Commodity exporters are likely to see stronger currencies as well, thus AUD, CAD, ZAR. These are longer term themes and short term volatility and news may recommend trading ranges and channels. The risk aversion trade in CHF and SGD is also likely to recede over time but provide interesting range trading opportunities.
The inflation – deflation trade is an interesting opportunity also. From time to time, the market will switch between believing that the world will end in fire, and believing that it will end in ice. With short term interest rates fairly well anchored in the medium term, this will manifest mostly at longer maturities.
For the last 3 months markets have been pricing for inflation. Most yield curves have steepened considerably. A reversal is due both technically and fundamentally. A US treasury flattener, short 2 years long 10 years at a spread of 2.55% is an attractive trade betting that deflation fears will re-emerge and the 10 year will rally. The same trade can be replicated in EUR. This theme is very tradeable as the market fluctuates between inflation and deflation with the added pressure of high volumes of issuance versus uncertain take up from foreign and domestic investors. This spread trades in a range of 1.50% to 2.60%.
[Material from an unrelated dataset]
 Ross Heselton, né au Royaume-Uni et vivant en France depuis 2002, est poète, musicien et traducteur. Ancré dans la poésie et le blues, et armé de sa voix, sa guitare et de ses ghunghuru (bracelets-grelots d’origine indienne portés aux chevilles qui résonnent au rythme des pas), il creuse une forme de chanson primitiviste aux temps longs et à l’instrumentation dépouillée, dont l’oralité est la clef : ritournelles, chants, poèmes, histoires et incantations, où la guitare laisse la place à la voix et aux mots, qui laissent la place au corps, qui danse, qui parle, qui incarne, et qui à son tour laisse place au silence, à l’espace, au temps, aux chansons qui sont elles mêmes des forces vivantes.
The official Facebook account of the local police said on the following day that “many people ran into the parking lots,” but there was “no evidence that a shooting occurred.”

The oil and gold trade is one I have followed for some time since oil was 0.16 quanto gold in ounces. At 0.06 oz, oil was a strong buy (relative to gold.) At current market of 0.078, it is also still a buy, however, current market sentiment is likely to see a better entry point. The 6-12 month target for this trade would be 0.12 oz. The range for oil quanto gold is intact. The buying opportunity came from a global de-risking. Despite increased inventory, and this through the recent rally, oil remains a strategic asset. The range established since the second intifada in 2000 is holding well and I expect to continue to hold until strategic developments in the Mid East relax the need to the West to stockpile strategic reserves. On a USD pricing basis, 60 – 70 USD seems to be a sensible range from a demand perspective.
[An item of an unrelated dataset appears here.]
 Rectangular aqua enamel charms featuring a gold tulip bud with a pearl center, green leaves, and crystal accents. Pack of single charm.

The trade expression in equity markets is more problematic given that there are more moving parts and idiosyncratic risk gets in the way of macro level trades. I am of the view that underlying economies had decoupled by last year even if financial assets had not. We didn’t see the decoupling because asset markets were correlated by ownership. The BRICs were and continue to be export economies and are thus coupled to their trading partners in the West. This coupling is weakened and weakening. The utter slump in global trade is accelerating this process. The West simply has not the capacity to resume pre 2008 levels of consumption. On a relative basis, the trade positions of the West versus the BRICs must change, transforming the BRICs into domestically driven economies. The immediate natural tendency for the private sector is to retrench. Fortunately the state has the wherewithal to fill in the gap and support the process of transition. This is not true of Western state balance sheets. Long growth short value strategies in the BRICs hedged against long value short growth in Western markets is probably a good idea. An outright long BRIC short Developed market is not the best idea because of the relatively higher volatility of the BRIC markets. Trying to hedge both the beta’s and the volatility leads to inconsistent results.